● Exercise prompt
Return, from the material below, each line in which "color" occurs.

● Material provided
■ ■ ■

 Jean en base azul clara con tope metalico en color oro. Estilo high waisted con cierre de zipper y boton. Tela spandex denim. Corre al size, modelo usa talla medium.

■ ■ ■

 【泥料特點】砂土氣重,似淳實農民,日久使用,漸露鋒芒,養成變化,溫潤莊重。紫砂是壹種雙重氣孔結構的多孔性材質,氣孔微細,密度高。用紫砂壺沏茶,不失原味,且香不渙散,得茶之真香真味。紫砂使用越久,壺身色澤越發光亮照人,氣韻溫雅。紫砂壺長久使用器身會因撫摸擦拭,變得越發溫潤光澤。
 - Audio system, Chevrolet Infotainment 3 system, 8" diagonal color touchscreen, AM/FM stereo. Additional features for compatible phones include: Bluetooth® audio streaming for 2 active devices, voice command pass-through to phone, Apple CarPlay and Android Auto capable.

■ ■ ■

● Your solution
 Jean en base azul clara con tope metalico en color oro. Estilo high waisted con cierre de zipper y boton. Tela spandex denim. Corre al size, modelo usa talla medium.
 - Audio system, Chevrolet Infotainment 3 system, 8" diagonal color touchscreen, AM/FM stereo. Additional features for compatible phones include: Bluetooth® audio streaming for 2 active devices, voice command pass-through to phone, Apple CarPlay and Android Auto capable.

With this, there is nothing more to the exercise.